14ème législature

Question N° 100214
de Mme Eva Sas (Non inscrit - Essonne )
Question écrite
Ministère interrogé > Affaires étrangères
Ministère attributaire > Affaires étrangères

Rubrique > politique extérieure

Titre > Israël et territoires palestiniens

Analyse > État palestinien. reconnaissance.

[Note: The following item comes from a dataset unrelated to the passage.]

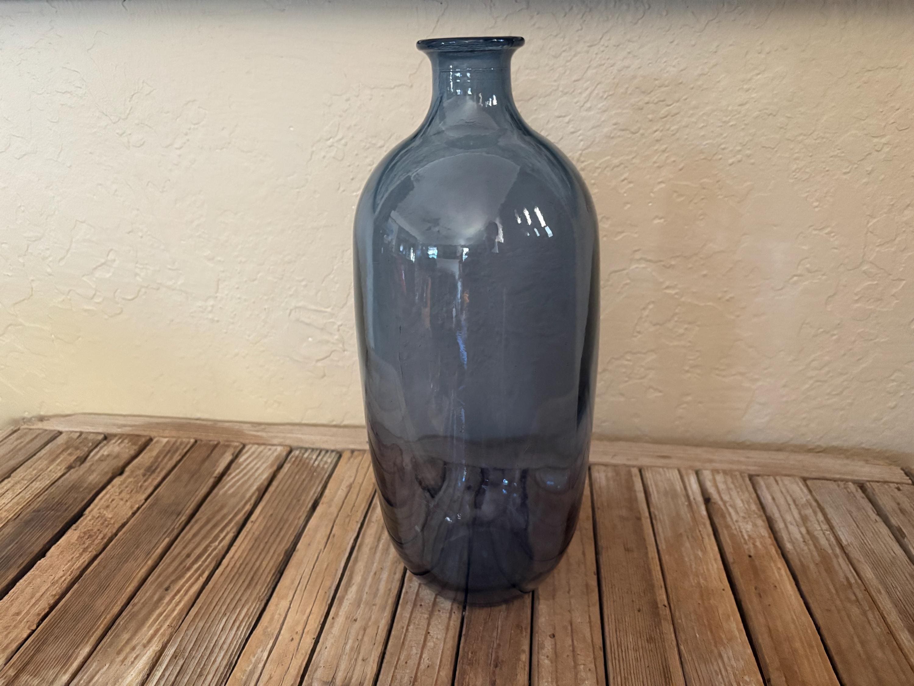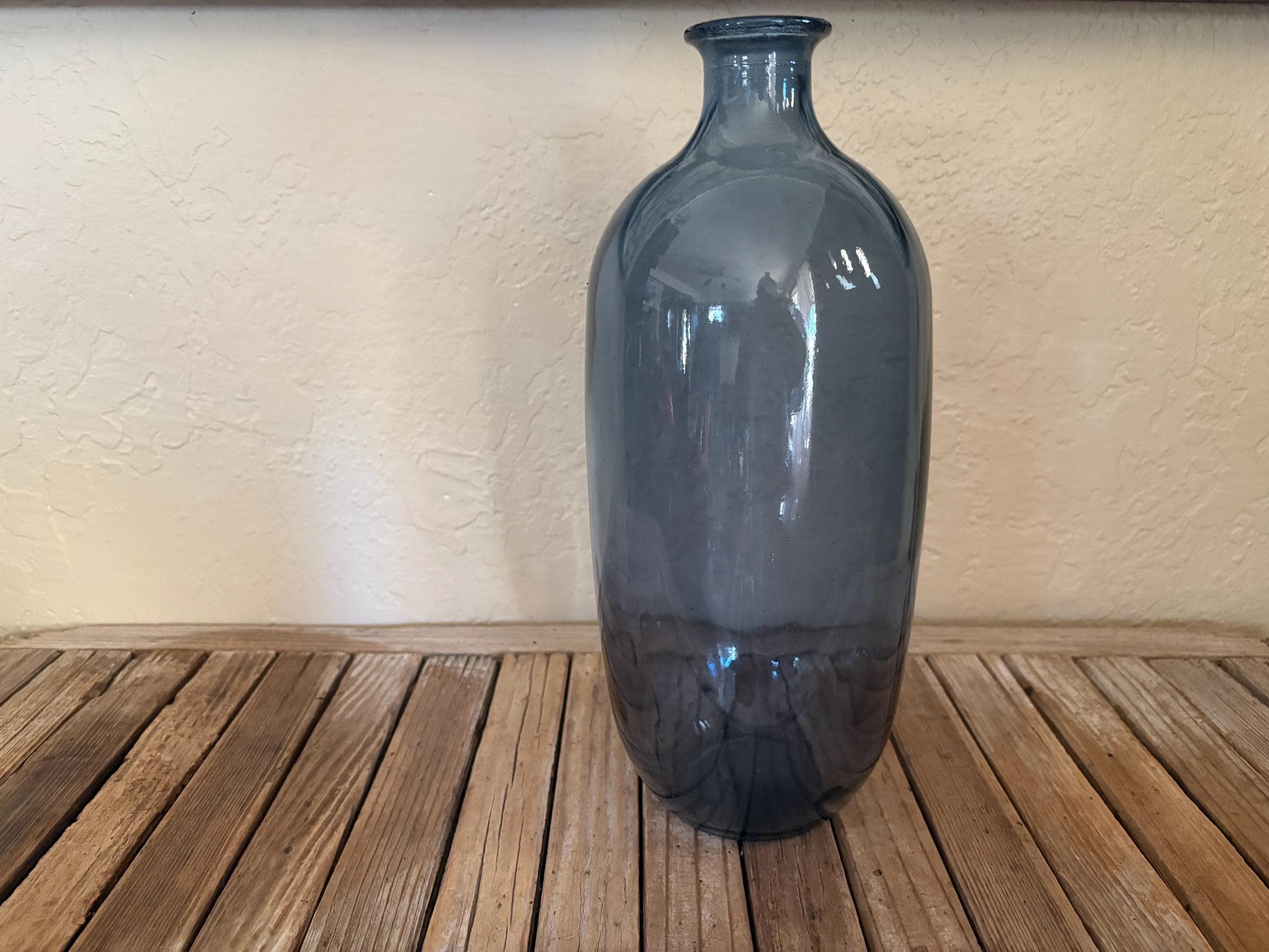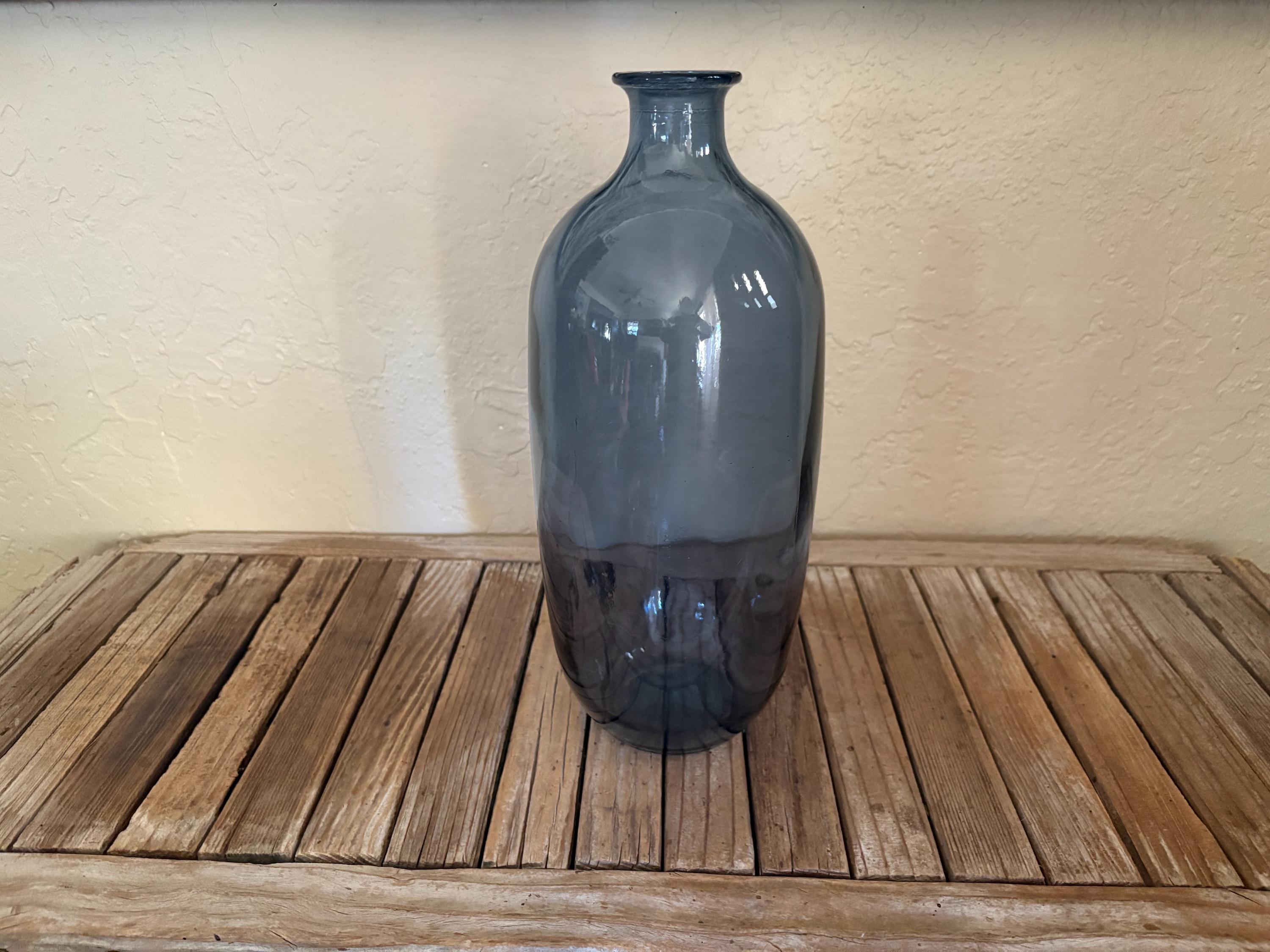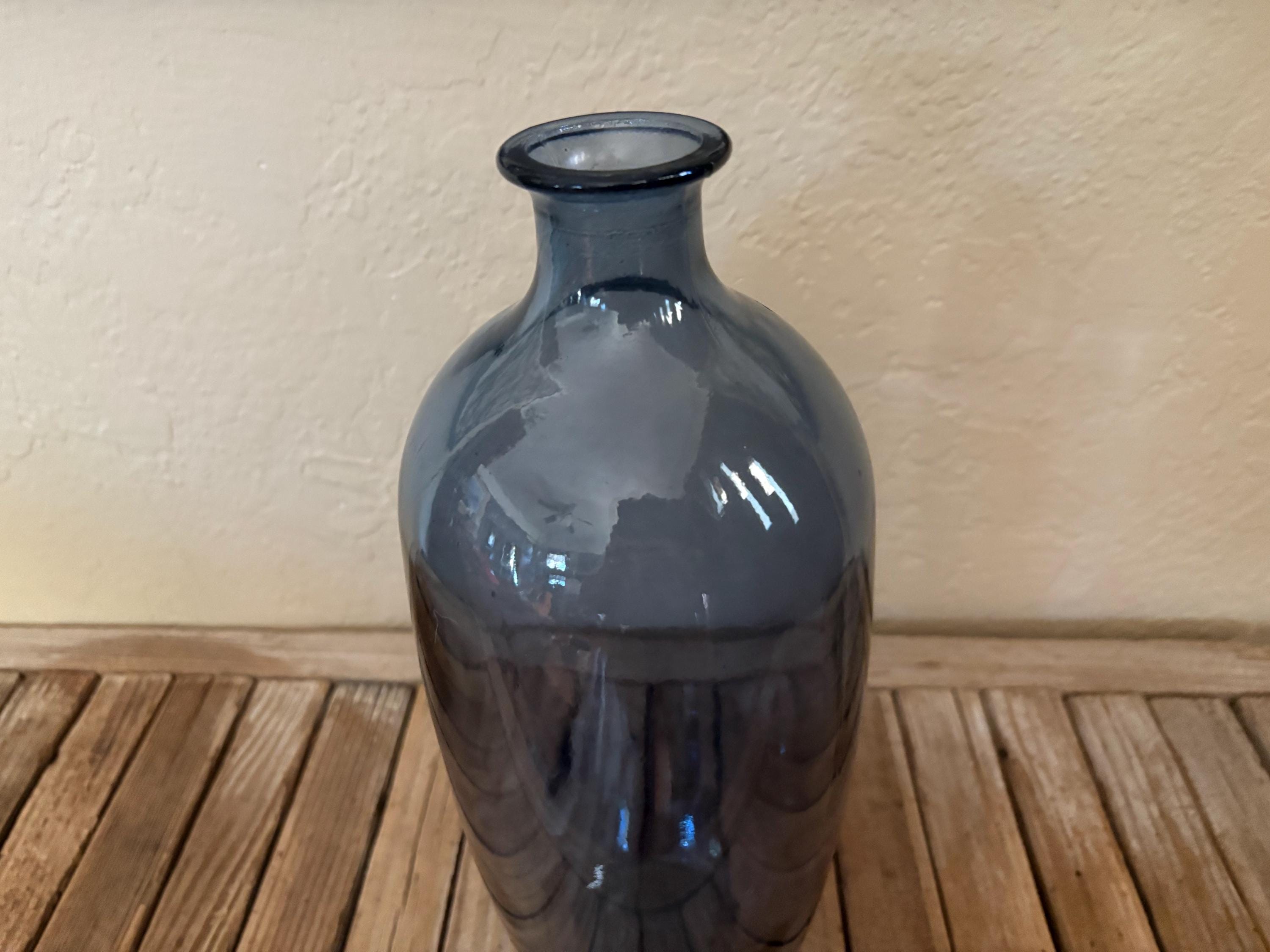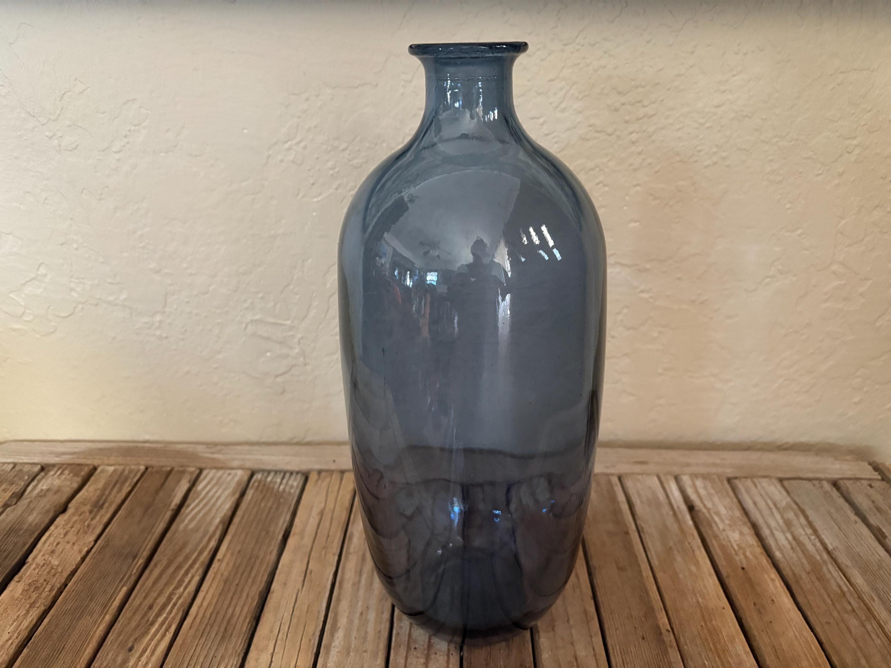 Vintage large smokey blue bottle. In great condition, normal wear due to age and us. The bottle has surface scrapes, markings and discolorations. I believe this is flash painted blue, please see pictures. A cool, unique bottle with great detail to add to your home or collection.

Question publiée au JO le : 25/10/2016 page : 8760
Réponse publiée au JO le : 16/05/2017 page : 3451
Date de changement d'attribution: 07/12/2016

Texte de la question

Mme Eva Sas rappelle à M. le ministre des affaires étrangères et du développement international, qu'en décembre 2014, l'Assemblée nationale et le Sénat ont voté une résolution invitant la France à reconnaître l'État palestinien en vue d'un règlement définitif du conflit. Dans une résolution adoptée le 17 décembre 2014, le Parlement européen a également appuyé la reconnaissance de l'État palestinien et la solution des deux États en estimant qu'elles devraient être concomitantes au processus de paix. Ainsi, les parlementaires français et européens ont indiqué par ce vote leur conviction que la reconnaissance de l'État palestinien allait de pair avec le processus de paix. C'était également la conviction de la diplomatie française lorsque votre prédécesseur M. Laurent Fabius a, à l'été 2015, pris l'initiative de réunir un « Groupe international de soutien au processus de paix au Proche-Orient » prévu pour le printemps 2016. À l'occasion de ses vœux au corps diplomatique en septembre 2015, M. Fabius avait prévenu qu'en cas d'échec de cette nouvelle tentative de conciliation, « nous prendrons nos responsabilités et reconnaîtrons l'État de Palestine ». Or, alors en visite au Caire le 9 mars 2016, M. le ministre a lui-même précisé qu' « il n'y a jamais rien d'automatique, la France prend cette initiative, va l'exposer à ses partenaires, et donc c'est la première étape, il n'y a pas de préalable ». Ce faisant, il a hypothéqué les chances de succès de la réunion qui s'est tenue à Paris le 3 juin 2016 et dont l'échec semble aujourd'hui patent. Elle lui demande donc quand la France engagera concrètement et officiellement une telle reconnaissance de l'État palestinien, en accord avec les prises de position des deux chambres du Parlement.

Texte de la réponse

La France plaide de longue date en faveur de la création d'un Etat palestinien indépendant, viable et démocratique. C'est la condition pour qu'Israël et la Palestine puissent vivre côte à côte, en paix, à l'intérieur de frontières sûres et reconnues. La France est profondément attachée à la sécurité d'Israël, et c'est aussi pour cette raison qu'elle soutient la solution des deux Etats. C'est pourquoi la France a relancé il y a un an la mobilisation internationale, qui a abouti à ce que 75 Etats et organisations internationales réaffirment solennellement à Paris, le 15 janvier dernier, leur attachement à la solution des deux Etats mais aussi leur disponibilité à contribuer concrètement à la paix. Le Président de la République s'était engagé à soutenir la reconnaissance internationale de l'Etat palestinien. C'est pourquoi la France a voté, le 29 novembre 2012, en faveur de l'admission de la Palestine comme Etat non-membre observateur aux Nations unies. C'est un premier pas, et il en faudra d'autres pour que la Palestine soit demain un Etat internationalement reconnu, à l'issue d'une négociation réussie avec Israël. Cependant, une reconnaissance unilatérale de l'Etat palestinien par la France n'aurait pas aujourd'hui l'effet d'entraînement souhaité sur ses partenaires. La France restera prête à prendre ses responsabilités si la voie de la négociation et l'objectif des deux Etats devaient être abandonnés. La France restera pleinement engagée sur ce dossier convaincue que la stabilité de cette région, fracturée et meurtrie par les conflits, nécessite une résolution juste et durable de la question israélo-palestinienne.